Latin American military leaders in all sincerity see themselves as the ‘chosen few’, the only ones in whose hands can be trusted the job of helping the people to avoid the pitfalls which lay before them. Humanity, they will argue, is in a constant state of war. ‘Peace’ in their language, is the conventional term for warfare by non-military means.
The war, they reason, involves everyone and is total and permanent. The main enemy is communism - represented externally by Russia and internally by Marxist-inspired revolutionary groups. As men of destiny, their role is to save western civilisation from destruction; a job civilians are neither fit nor equipped to handle.

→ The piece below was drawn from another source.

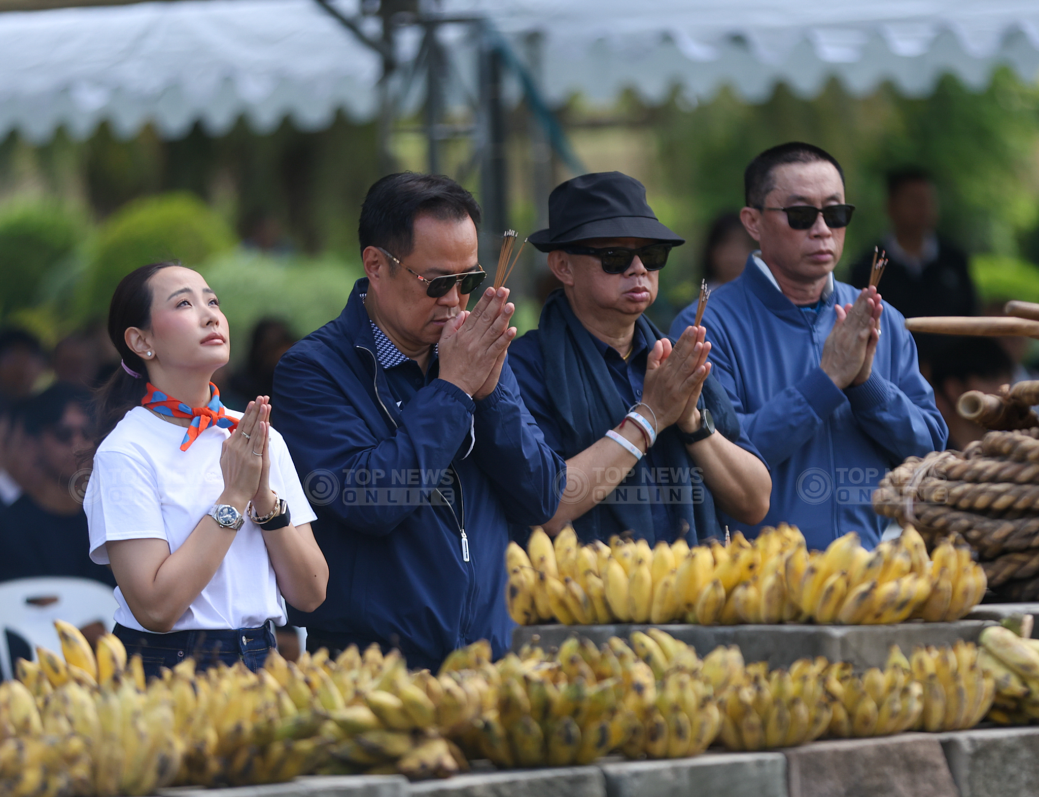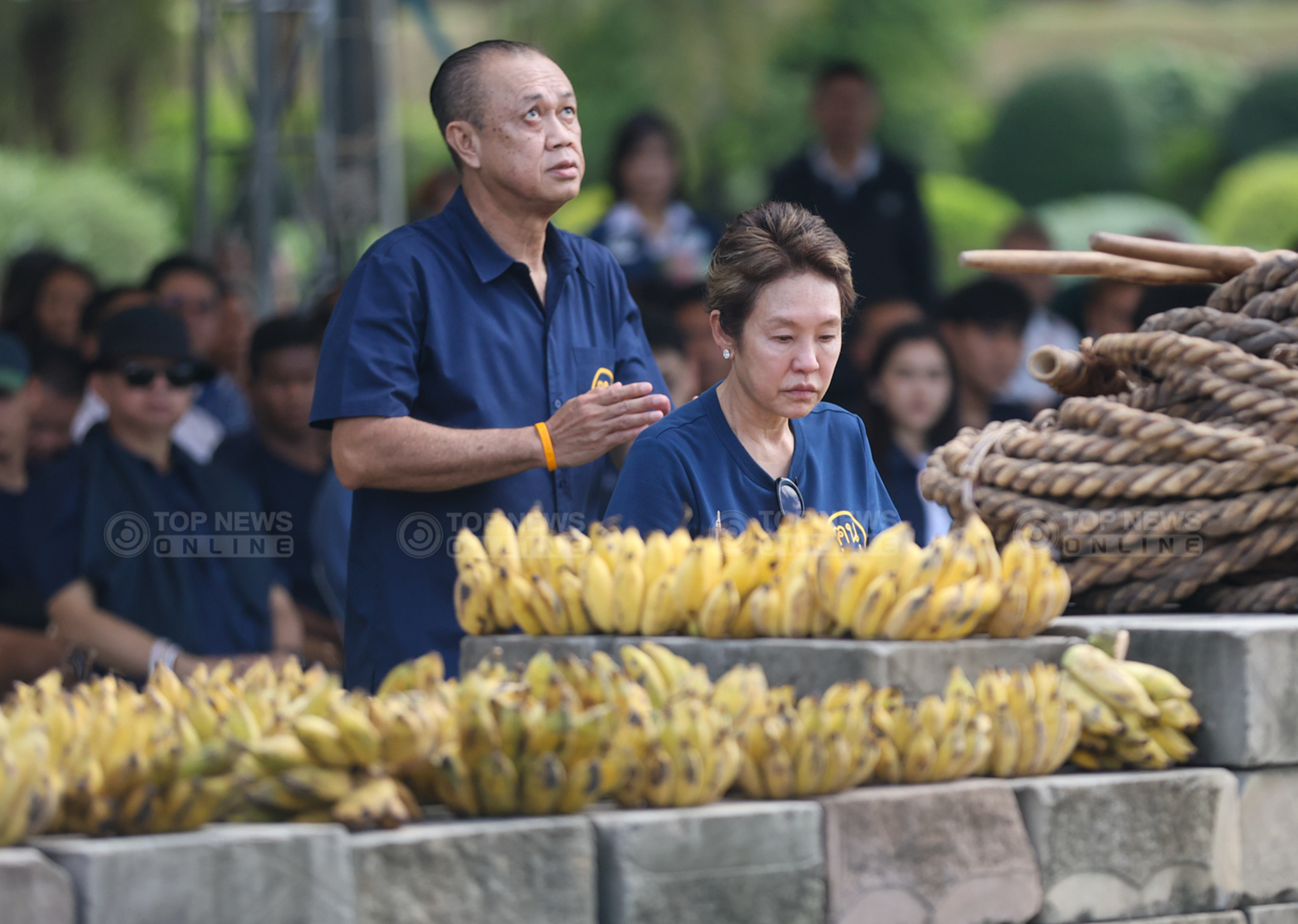 โดยนายเนวิน ได้ขี่รถจักรยานยนต์เวสป้า สีเหลือง เข้ามาบริเวณสถานที่จัดงาน ในเวลา 9.29 น. ก่อนที่จะเข้าสักการะพระศิวะที่บริเวณด้านหน้า พร้อมกับนายไชยชนก ชิดชอบ รัฐมนตรีว่าการกระทรวงดิจิทัลเพื่อเศรษฐกิจและสังคม บุตรชาย นางสาวชิดชนก ชิดชอบ บุตรสาว นายชนน์ชนก ชิดชอบ บุตรชายและนายโชติชนก ชิดชอบ บุตรชาย

Their reasoning may be logical but only when it is based on a narrow and distorted understanding of human nature. The starting point for such a philosophy is to be found in seventeenth century English philosopher Thomas Hobbes’ master work Leviathan. Hobbes’ view of man, sadly, was limited to the darker side of human nature, and totally ignored its capacity for honesty and trust. The political theory of Latin American elites - the prototype of which emerged when the generals took over government in Brazil in 1964 - has come to be known as the’ideology of national security’. Geopolitics and strategy are its basic sciences. (Geopolitics is the use of geography to rationalise a political programme in pursuit of maximum power for the state. Strategy, which concerns the art of war, helps to determine the means by which the programme can be implemented.)
Much of the inspiration for their ideology can be traced to American involvement in Latin America during the bitter years of the Cold War fifties and to Swedish political scientist Rudolf Kjellen who coined and defined the term ‘geopolitics’ just before World War 1. The Third Reich reduced geopolitics to a propaganda tool to justify German territorial conquest. Since World War Two it has been adapted extensively in states preoccupied with power and expansion. Brazil’s General Golbery do Couto e Silva and Chile’s General Agusto Pinochet have each written books on geopolitics.
A combination of Hobbes and geopolitics and strategy produces a viewpoint which has little in common with the traditional values of western democracies. Because the state is regarded as an organism which will die without sustenance, economic growth takes priority over all else; personal freedoms become subject to the whim of the state.
What is good for growth becomes the ultimate measure of what is right and wrong. Citizens are willed to collaborate in this growth process - and are rewarded accordingly. Those who do not collaborate are coerced or punished. Some can be sacrificed but the military elite know that the citizens must not be pushed too far; by abolishing all liberties the people would becomes slaves - and slaves do not make good soldiers.
There’s nothing apologetic about the way the military takes charge in Latin America. Listen to the Chilean junta’s declaration of 1974, for example: ‘The Armed Order Forces will not set any term to their government control, because the task of morally, institutionally and materially rebuilding thecountry calls for a profound and continuous action. Finally it is important to change Chileans’ mentality … opening the road for the future generations, formed in the school of healthy civic customs.’
Nor are these braided elites without God - at least not when they have a use for Him. The way of life their governments pretend to defend is supposedly based on science, democracy and Christianity, the key elements they believe are necessary, in the evolution of western civilisation.
They see science in terms of a technological development of the state; democracy purely as an ideal they are working towards; and Christianity to be supported only so far as it instils values that coincide with those laid down by the state. ‘Christianity’ is particularly useful in unifying the people through one cultural system.
Science no longer at the service of all citizens, democracy pursued via totalitarian dictatorship, and Christianity reduced to a handy cultural and ideological prop, add up to the partial truth which is the basis for the national security state. Only a philosophy which considers both the noble and base in human nature can challenge the ‘national security’ ideology at its roots.
Peter Woodruff is a Roman Catholic father who has spent several years working in South America.